* **WHAT NEEDS TO BE DONE**
Count every line in the data below that includes "Лютер", and give only the result.

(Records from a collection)
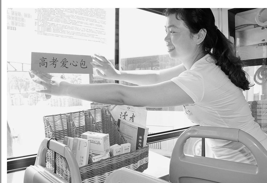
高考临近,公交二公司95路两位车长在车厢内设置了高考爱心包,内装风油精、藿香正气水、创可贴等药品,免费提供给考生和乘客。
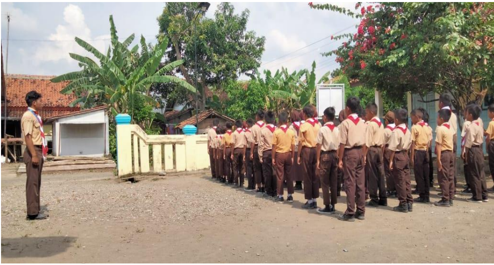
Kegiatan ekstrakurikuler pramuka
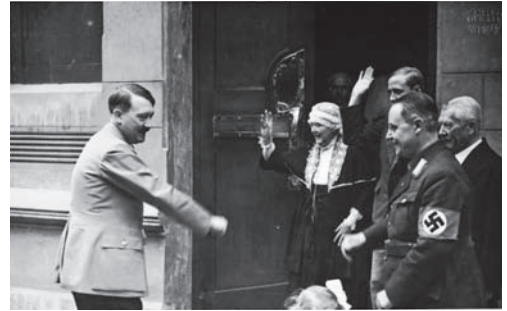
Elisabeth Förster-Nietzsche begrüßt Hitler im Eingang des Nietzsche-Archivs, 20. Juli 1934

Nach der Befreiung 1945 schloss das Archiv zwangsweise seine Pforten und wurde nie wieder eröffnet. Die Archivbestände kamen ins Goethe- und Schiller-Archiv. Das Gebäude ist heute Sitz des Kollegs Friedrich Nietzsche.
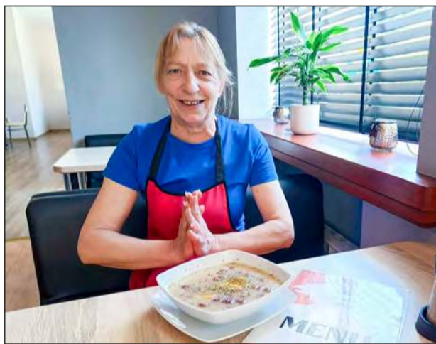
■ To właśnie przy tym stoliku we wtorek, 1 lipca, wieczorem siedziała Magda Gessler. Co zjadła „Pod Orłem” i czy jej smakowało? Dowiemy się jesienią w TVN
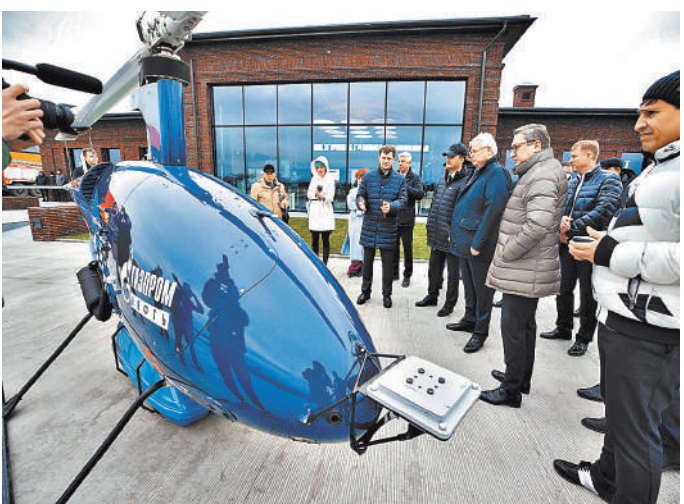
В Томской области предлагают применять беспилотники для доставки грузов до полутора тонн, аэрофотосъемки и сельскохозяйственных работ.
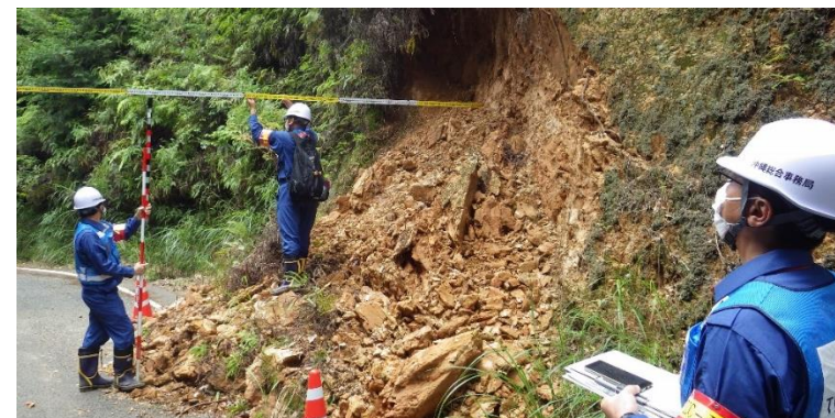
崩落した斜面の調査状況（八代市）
...
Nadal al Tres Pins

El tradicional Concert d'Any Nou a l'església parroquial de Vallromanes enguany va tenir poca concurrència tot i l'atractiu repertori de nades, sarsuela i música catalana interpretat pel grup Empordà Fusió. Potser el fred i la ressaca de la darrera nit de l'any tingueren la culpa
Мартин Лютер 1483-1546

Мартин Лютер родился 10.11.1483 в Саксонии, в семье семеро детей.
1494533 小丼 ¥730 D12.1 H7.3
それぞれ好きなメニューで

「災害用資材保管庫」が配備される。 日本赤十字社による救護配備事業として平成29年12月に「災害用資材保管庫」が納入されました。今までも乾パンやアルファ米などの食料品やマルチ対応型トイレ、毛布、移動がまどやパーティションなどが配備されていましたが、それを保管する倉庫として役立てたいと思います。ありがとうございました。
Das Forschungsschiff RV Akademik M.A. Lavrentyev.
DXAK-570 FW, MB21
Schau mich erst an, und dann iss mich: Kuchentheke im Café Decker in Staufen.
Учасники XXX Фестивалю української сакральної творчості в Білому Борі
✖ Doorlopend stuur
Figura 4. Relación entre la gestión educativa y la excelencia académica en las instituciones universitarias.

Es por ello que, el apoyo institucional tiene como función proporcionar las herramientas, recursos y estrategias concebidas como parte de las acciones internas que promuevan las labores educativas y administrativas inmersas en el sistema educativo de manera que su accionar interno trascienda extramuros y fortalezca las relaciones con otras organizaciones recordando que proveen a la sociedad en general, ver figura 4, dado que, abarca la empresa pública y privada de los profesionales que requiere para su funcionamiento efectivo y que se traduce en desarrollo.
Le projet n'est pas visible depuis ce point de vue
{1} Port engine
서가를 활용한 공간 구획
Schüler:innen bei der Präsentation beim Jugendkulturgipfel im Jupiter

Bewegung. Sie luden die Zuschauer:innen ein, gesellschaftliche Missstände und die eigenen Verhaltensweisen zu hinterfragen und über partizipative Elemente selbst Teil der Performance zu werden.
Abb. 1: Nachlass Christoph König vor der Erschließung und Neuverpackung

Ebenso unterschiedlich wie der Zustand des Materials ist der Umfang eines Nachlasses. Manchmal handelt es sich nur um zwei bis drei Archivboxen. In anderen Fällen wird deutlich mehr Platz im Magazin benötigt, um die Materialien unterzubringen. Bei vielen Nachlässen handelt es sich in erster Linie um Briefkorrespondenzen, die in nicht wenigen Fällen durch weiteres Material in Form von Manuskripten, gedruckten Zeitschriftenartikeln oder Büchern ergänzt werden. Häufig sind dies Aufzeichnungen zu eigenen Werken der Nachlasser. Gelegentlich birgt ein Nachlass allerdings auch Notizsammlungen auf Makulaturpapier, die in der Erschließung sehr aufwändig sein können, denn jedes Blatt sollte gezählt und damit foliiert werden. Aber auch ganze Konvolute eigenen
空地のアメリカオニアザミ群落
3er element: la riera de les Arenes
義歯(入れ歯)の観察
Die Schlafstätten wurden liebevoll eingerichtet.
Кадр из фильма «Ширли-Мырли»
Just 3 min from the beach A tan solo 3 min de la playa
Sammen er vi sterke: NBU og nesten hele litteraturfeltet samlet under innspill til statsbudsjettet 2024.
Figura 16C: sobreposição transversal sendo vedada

* **EXERCISE OUTPUT**
2